Institute of Plant Breeding, Seed Science and Population Genetics, University of Hohenheim, 70593 Stuttgart, Germany.
Theor Appl Genet. 2011 Dec;123(8):1269-79. doi: 10.1007/s00122-011-1665-x. Epub 2011 Aug 3.
Recent progress in genotyping and doubled haploid (DH) techniques has created new opportunities for development of improved selection methods in numerous crops. Assuming a finite number of unlinked loci (ℓ) and a given total number (n) of individuals to be genotyped, we compared, by theory and simulations, three methods of marker-assisted selection (MAS) for gene stacking in DH lines derived from biparental crosses: (1) MAS for high values of the marker score (T, corresponding to the total number of target alleles) in the F(2) generation and subsequently among DH lines derived from the selected F(2) individual (Method 1), (2) MAS for augmented F(2) enrichment and subsequently for T among DH lines from the best carrier F(2) individual (Method 2), and (3) MAS for T among DH lines derived from the F(1) generation (Method 3). Our objectives were to (a) determine the optimum allocation of resources to the F(2) ([Formula: see text]) and DH generations [Formula: see text] for Methods 1 and 2 by simulations, (b) compare the efficiency of all three methods for gene stacking by simulations, and (c) develop theory to explain the general effect of selection on the segregation variance and interpret our simulation results.
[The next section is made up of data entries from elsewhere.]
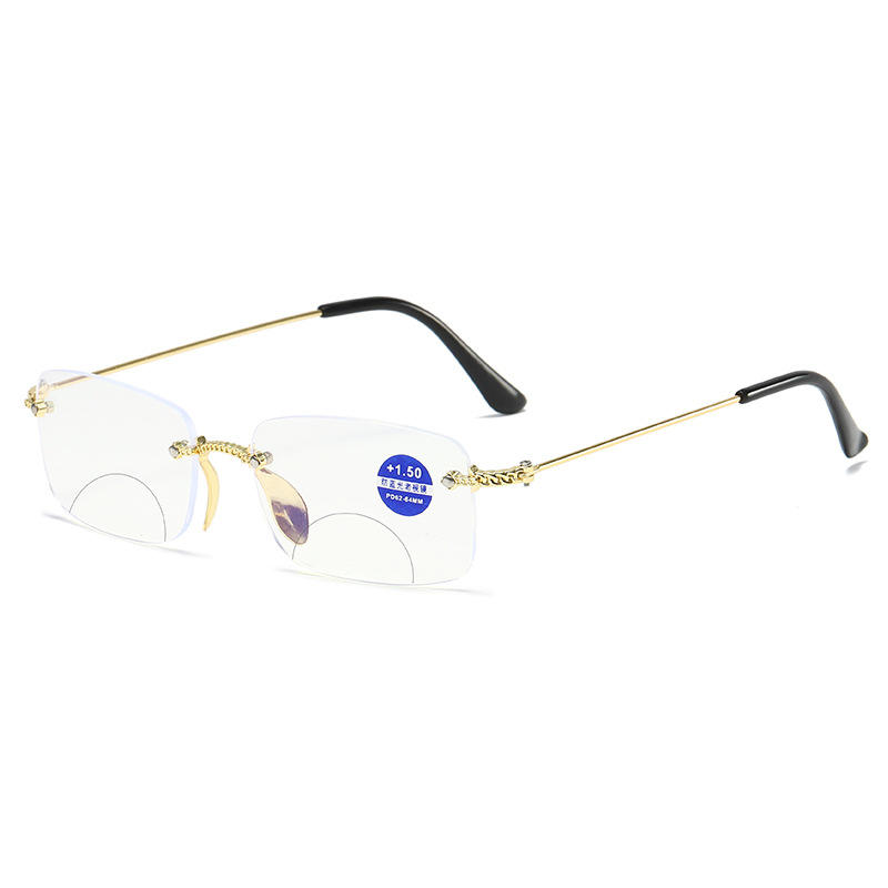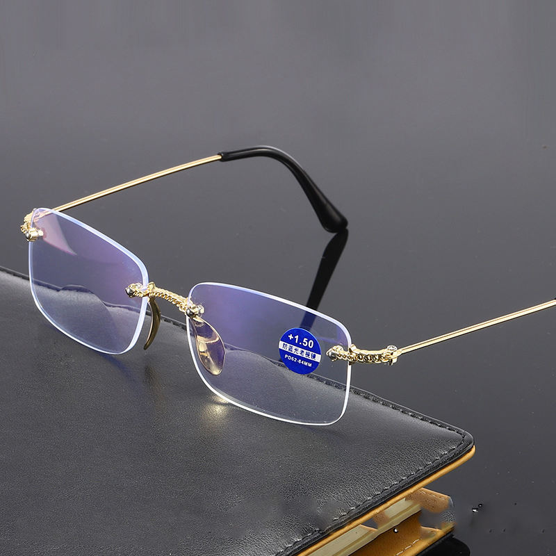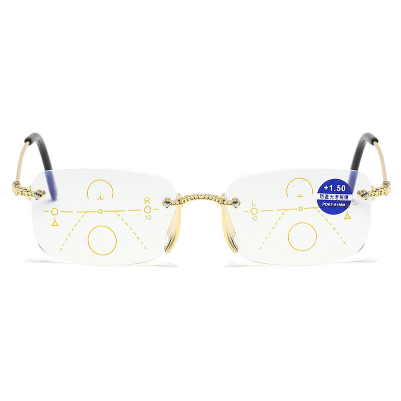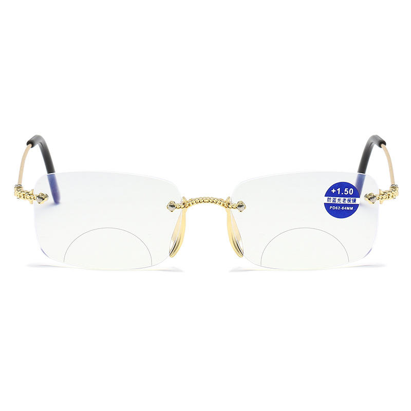 Vente en gros, lunettes de lecture en métal sans monture, anti-lumière bleue, réglables, vision focus, pour hommes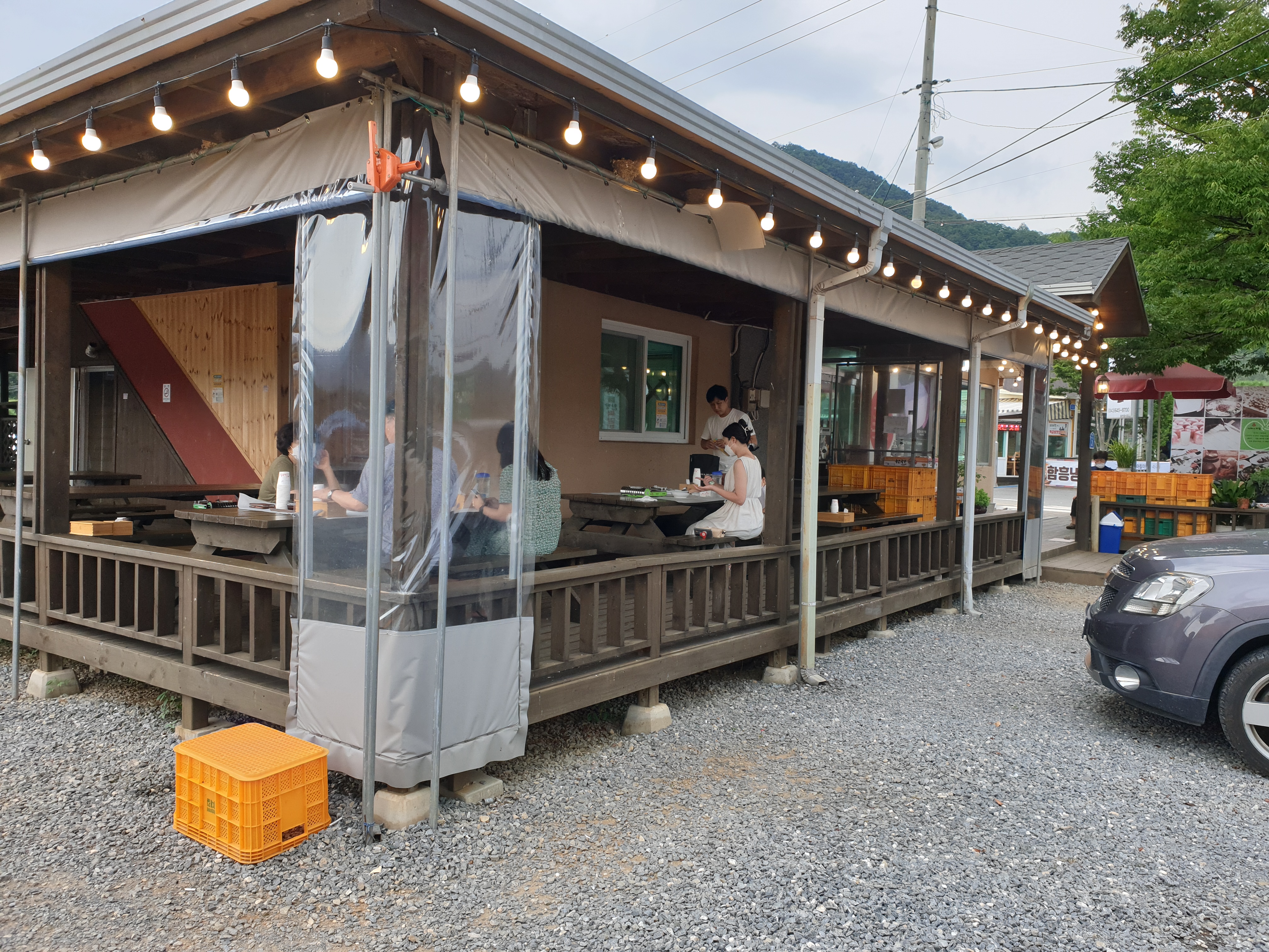 이렇게 옆으로 좀 돌아오면 바깥에서도 먹을 수 있는 자리가 있습니다. 8월임에도 해가 없고 날이 선선하여 우리 일행은 바깥 테이블에서 먹기로 했습니다. 경치랑 바람, 습도가 너무 좋았기 때문입니다.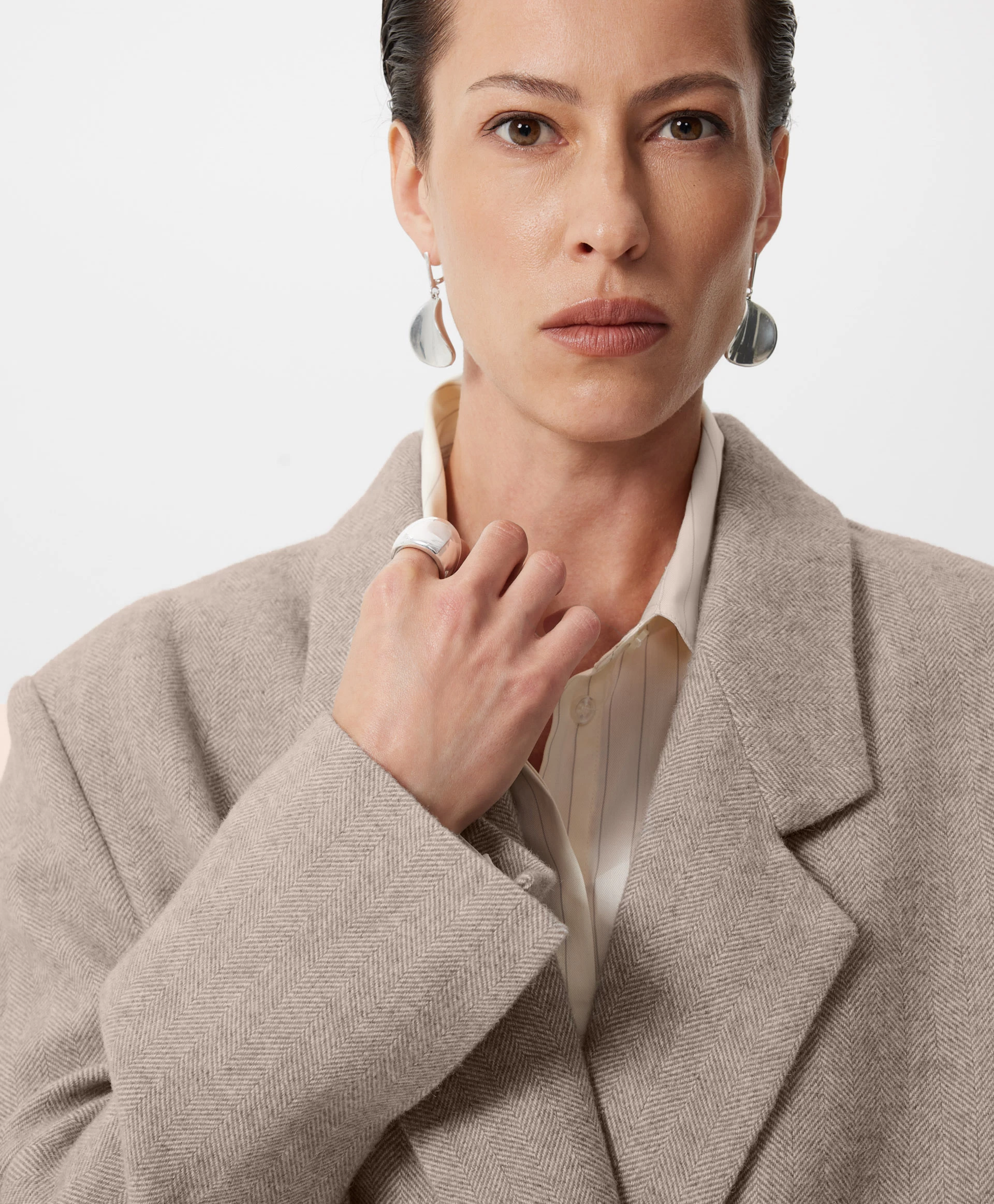 Пиджак всегда выглядит стильно, благородно, аристократично. Он идёт каждой модной и уверенной в себе женщине, подчёркивая деловые ноты в её имидже. Пиджак выполнен из полушерстяного костюмного твида. Рисунок «елочка» и английский воротник, вызывающие стойкие ассоциации с благородством, изысканностью, сдержанным стилем с ноткой консерватизма, делают его воплощением элегантности и шика. Пиджак прямой свободной формы с небольшим увеличением объёма для современной посадки может стать как частью брючного костюма для бизнес-леди, так и прекрасным завершением комплекта с повреждёнными джинсами, кожаными брюками, укороченной юбкой. В любом случае он сделает образ уравновешенным, стильным, завершённым, дорогим по восприятию, подчеркнув осознанный выбор классической вещи в натуральной экологичной гамме, не зависящей от модных трендов. Пиджак застёгивается на пуговицы, имеет шлицу на спинке и шлицы на рукавах, вертикальные карманы в швах. Шелковистая подкладка.

By theory, we proved that for smaller values of ℓ, the segregation variance of T among DH lines derived from F(2) individuals, selected for high values of T, can be much smaller than expected in the absence of selection. This explained our simulation results, showing that for Method 1, it is best to genotype more F(2) individuals than DH lines ([Formula: see text]), whereas under Method 2, the optimal ratio [Formula: see text] was close to 0.5. However, for ratios deviating moderately from the optimum, the mean [Formula: see text] of T in the finally selected DH line ([Formula: see text]) was hardly reduced. Method 3 had always the lowest mean [Formula: see text] of [Formula: see text] except for small numbers of loci (ℓ = 4) and is favorable only if a small number of loci are to be stacked in one genotype and/or saving one generation is of crucial importance in cultivar development. Method 2 is under most circumstances the superior method, because it generally showed the highest mean [Formula: see text] and lowest SD of [Formula: see text] for the finally selected DH.
最近在基因分型和加倍单倍体(DH)技术方面的进展为众多作物改良选择方法的发展创造了新的机会。假设存在有限数量的非连锁基因座(ℓ)和要进行基因分型的个体的给定总数(n),我们通过理论和模拟比较了三种从双亲杂交衍生的 DH 系中基因堆叠的标记辅助选择(MAS)方法:(1)在 F2 代中选择标记得分(T,对应于目标等位基因的总数)高的值进行 MAS,然后在从选定的 F2 个体衍生的 DH 系中进行 MAS(方法 1),(2)对 F2 进行扩增富集,然后在最佳载体 F2 个体中进行 T 的 MAS(方法 2),以及(3)在 F1 代中进行 DH 系的 T 的 MAS(方法 3)。我们的目标是:(a)通过模拟确定方法 1 和 2 中资源分配到 F2([公式:见文本])和 DH 代的最佳方案[公式:见文本];(b)通过模拟比较所有三种方法的基因堆叠效率;(c)建立理论来解释选择对分离方差的一般影响并解释我们的模拟结果。通过理论,我们证明,对于较小的ℓ值,从 F2 个体中选择高 T 值的 DH 系中 T 的分离方差可以比没有选择时小得多。这解释了我们的模拟结果,表明对于方法 1,最好对更多的 F2 个体进行基因分型,而不是 DH 系([公式:见文本]),而对于方法 2,最优比例[公式:见文本]接近 0.5。但是,对于偏离最优值适中的比例,最终选择的 DH 系中 T 的平均[公式:见文本]([公式:见文本])几乎没有降低。除了少数基因座(ℓ=4)外,方法 3 始终具有最低的平均[公式:见文本]([公式:见文本]),并且仅在需要在一个基因型中堆叠少量基因座并且/或者在品种开发中节省一代是至关重要的情况下才有利。在大多数情况下,方法 2 是优越的方法,因为它通常为最终选择的 DH 显示最高的平均[公式:见文本]和最低的[公式:见文本]SD。